- Required work: Exercise in exact copying: restate word for word only the lines below from the one containing "在陜西省蒲城縣拍攝的C919大型客機(jī)的試飛機(jī)(2022年7月18日攝)。新華社記者 丁汀 攝" through the one containing "the shopping trip.", omitting any pictures.

- Given data:
▬▬▬

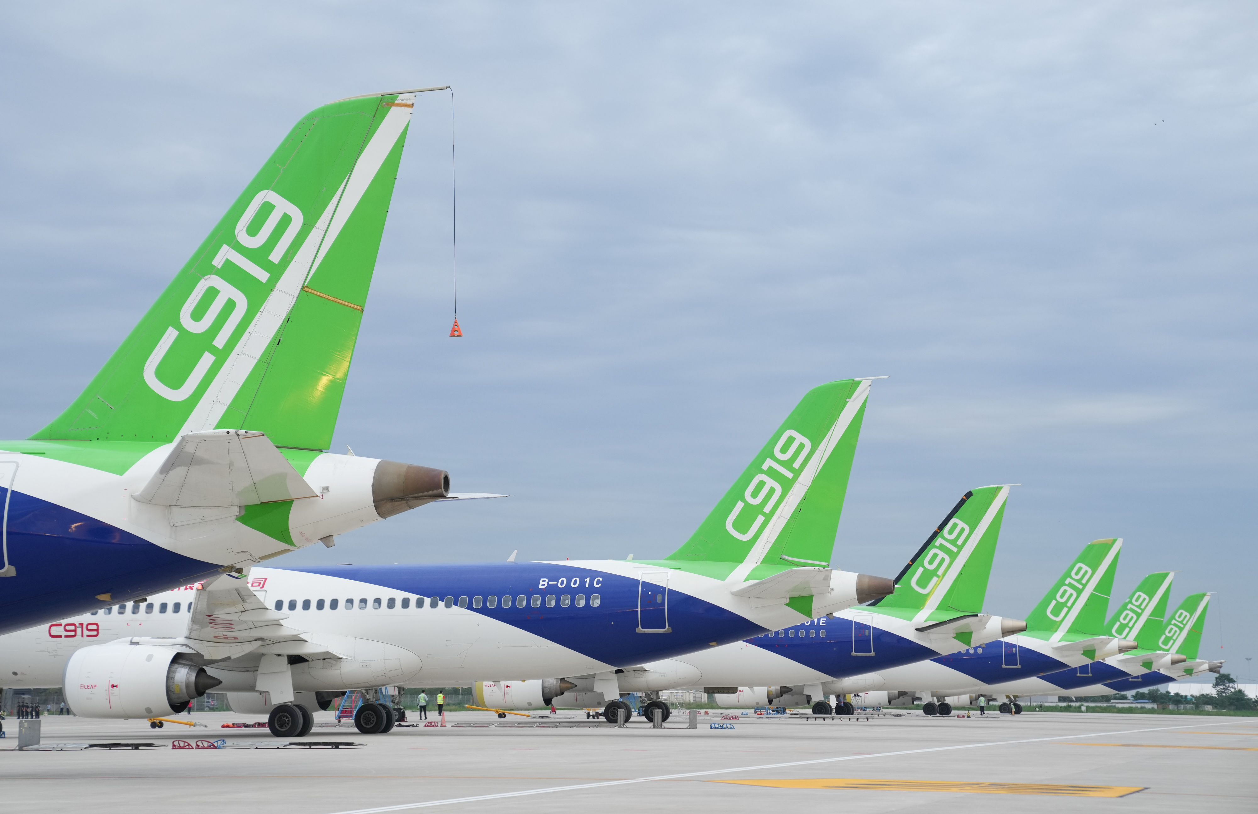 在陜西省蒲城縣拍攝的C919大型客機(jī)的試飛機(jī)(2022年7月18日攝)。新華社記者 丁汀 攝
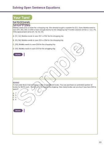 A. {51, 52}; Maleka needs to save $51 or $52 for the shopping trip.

▬▬▬

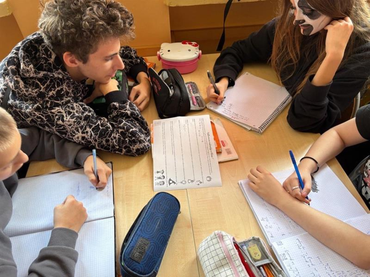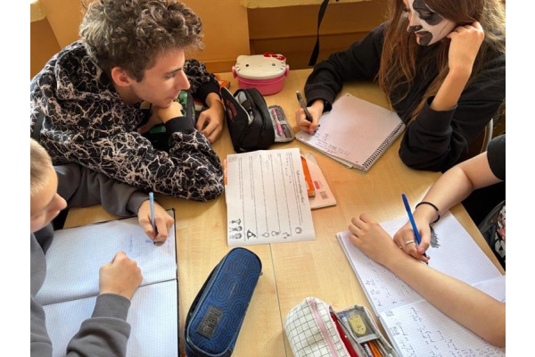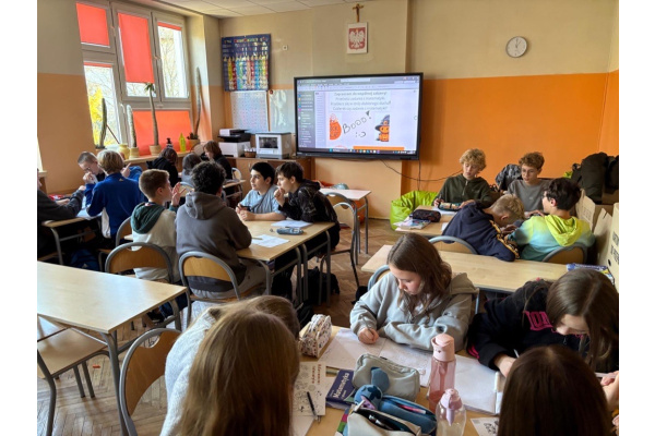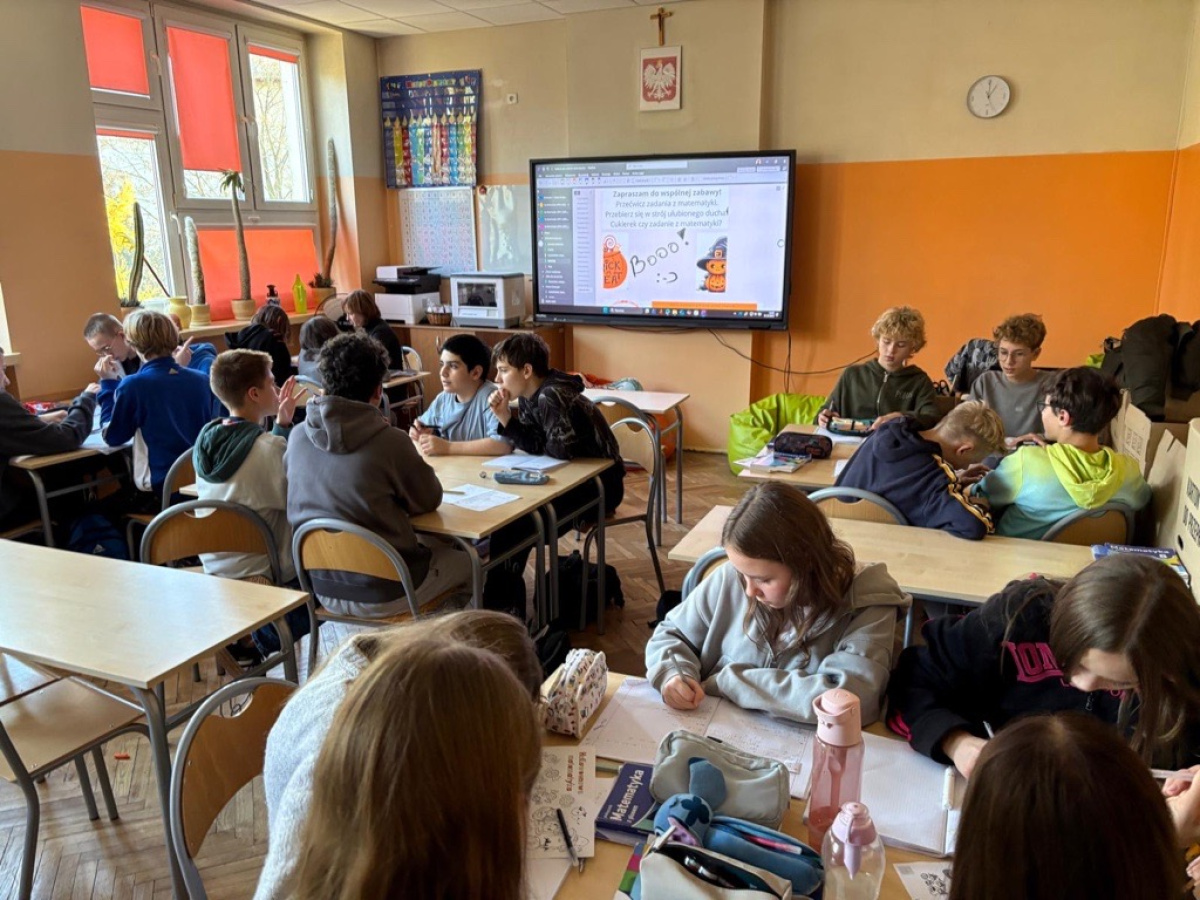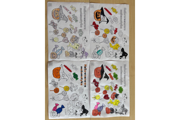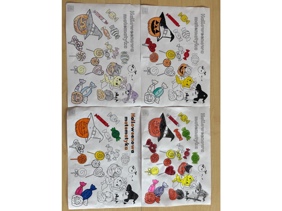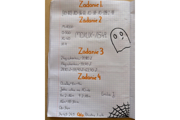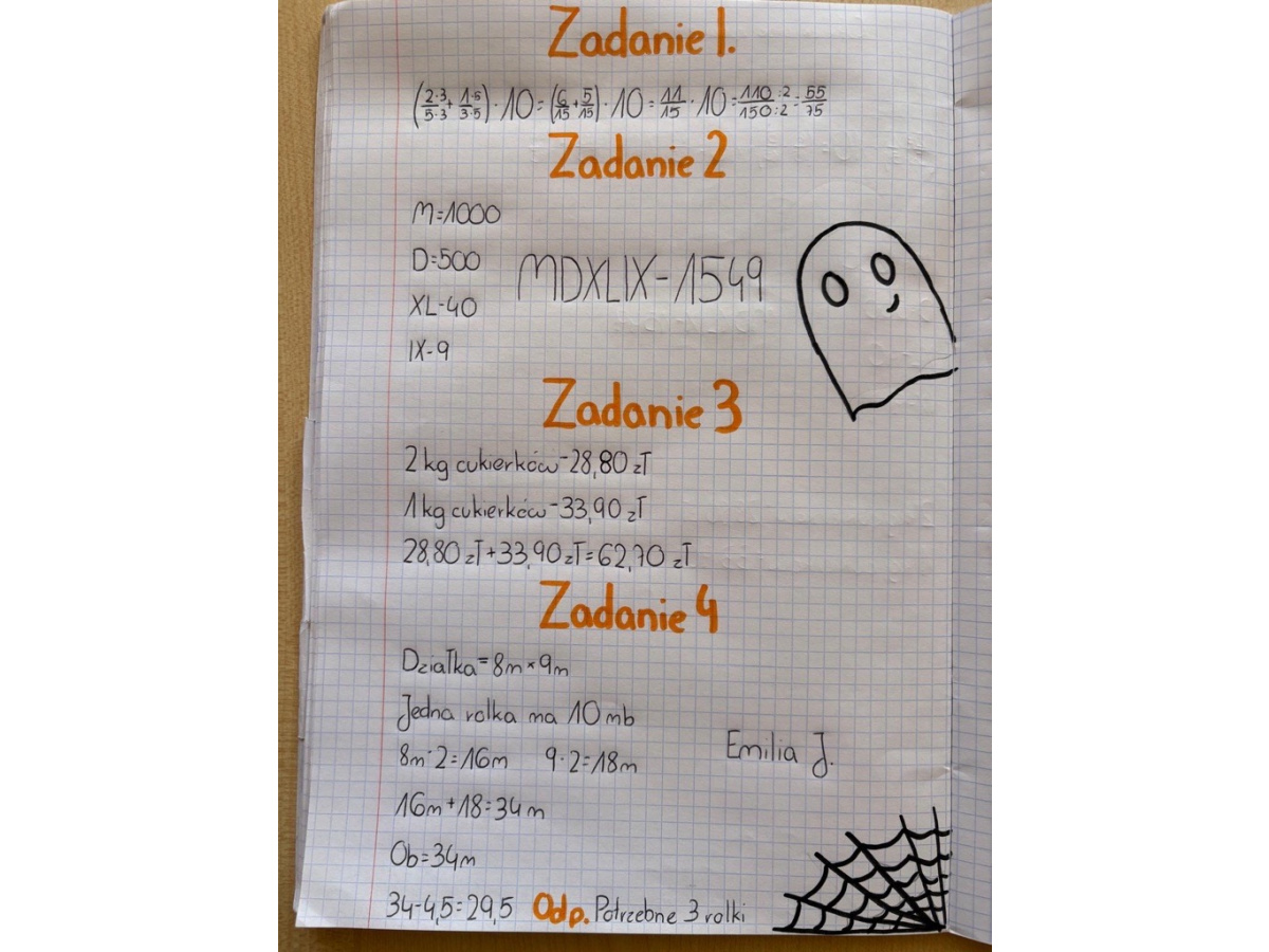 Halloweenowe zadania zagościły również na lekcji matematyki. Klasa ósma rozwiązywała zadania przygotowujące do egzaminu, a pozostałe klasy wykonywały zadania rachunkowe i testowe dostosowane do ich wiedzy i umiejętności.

▬▬▬

- Exercise response:
 在陜西省蒲城縣拍攝的C919大型客機(jī)的試飛機(jī)(2022年7月18日攝)。新華社記者 丁汀 攝
 A. {51, 52}; Maleka needs to save $51 or $52 for the shopping trip.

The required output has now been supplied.